Declínio da MPB
Daniel Piza
Não é de hoje que os grandes nomes da MPB já não são os mesmos. O último CD excelente de Chico Buarque foi Paratodos, que é de 1993; o de Caetano, Circuladô, 1992. São os dois maiores compositores surgidos nos festivais do final dos anos 60, responsáveis por dialogar com a bossa nova e o samba-canção com letras mais inventivas e críticas. E há mais de dez anos não acertam em cheio, exceto por uma ou outra música e por uma qualidade média que sempre se espera deles. O mesmo se pode dizer de outros da mesma geração, como Djavan, Jorge Ben, Milton, Gilberto Gil. Suas canções mais recentes ou parecem versões daquelas que os consagraram, livres de idéias melódicas e verbais novas, ou simplesmente não têm viço, não combinam palavras e sons de forma memorável.
Reação imediata: 'Natural, eles têm mais de 60 anos e agora é a vez dos jovens.' Felizmente, eles são os primeiros a reconhecer isso, já que a crítica musical que deveria fazê-lo não o faz - talvez por medo de incomodar medalhões, talvez por falta de ter o que apontar para o lugar. Chico disse há alguns anos, já mais preocupado com sua prosa de ficção (que melhorou de livro em livro, apesar do preconceito da classe literária), que 'música popular é coisa para jovens'. Caetano declara em texto no novo CD que já fez uma 'quantidade ridícula' de canções ruins.
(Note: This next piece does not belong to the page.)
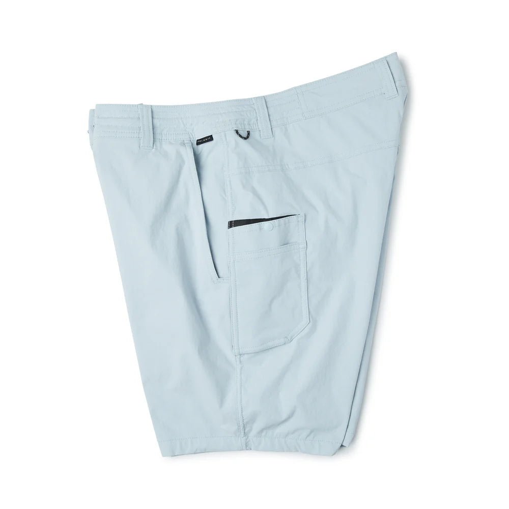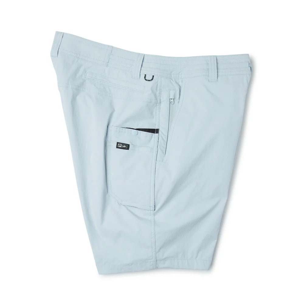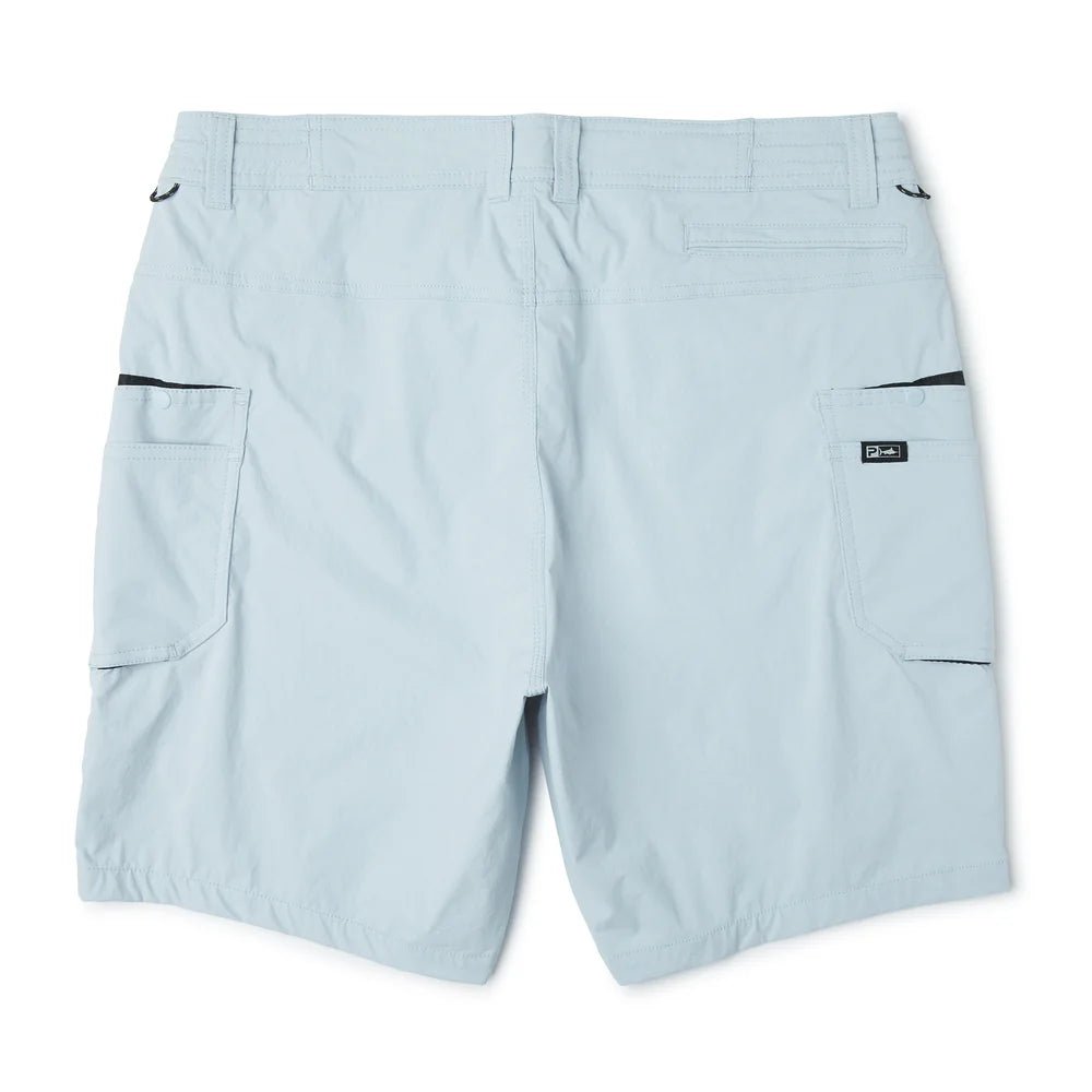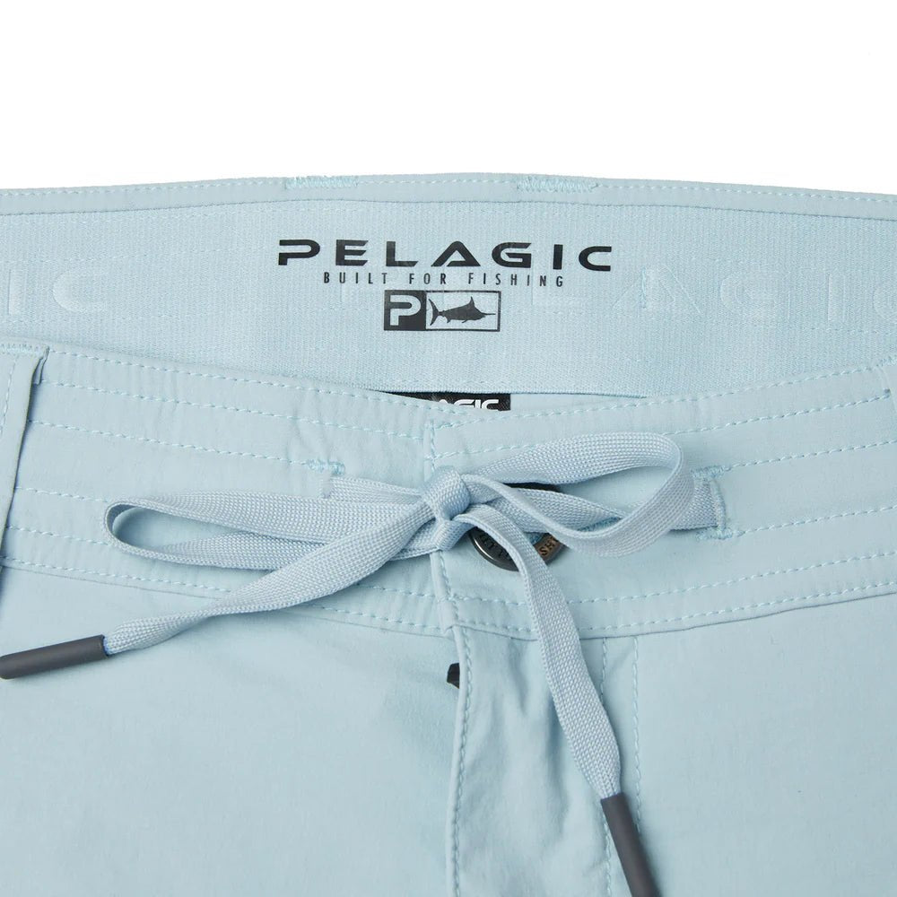 Introducing the Pelagic "Flyline" Men's Boardshorts 19" - Blue Fog. Designed for both function and style, these shorts feature quick dry fabric with water and stain repellency, reinforced plier pockets, and a tightlines waistband for ultimate comfort. Perfect for all your outdoor adventures.

Mas será que é mesmo uma questão meramente de vitalidade, de jovialidade? Comento em breve o novo CD de Bob Dylan, por exemplo; ele também já não é o mesmo - como Paul McCartney tampouco é -, mas ainda faz algo ambicioso. Leonard Cohen, Lou Reed, há alguns cancionistas da velha-guarda contracultural que seguem produzindo com frescor.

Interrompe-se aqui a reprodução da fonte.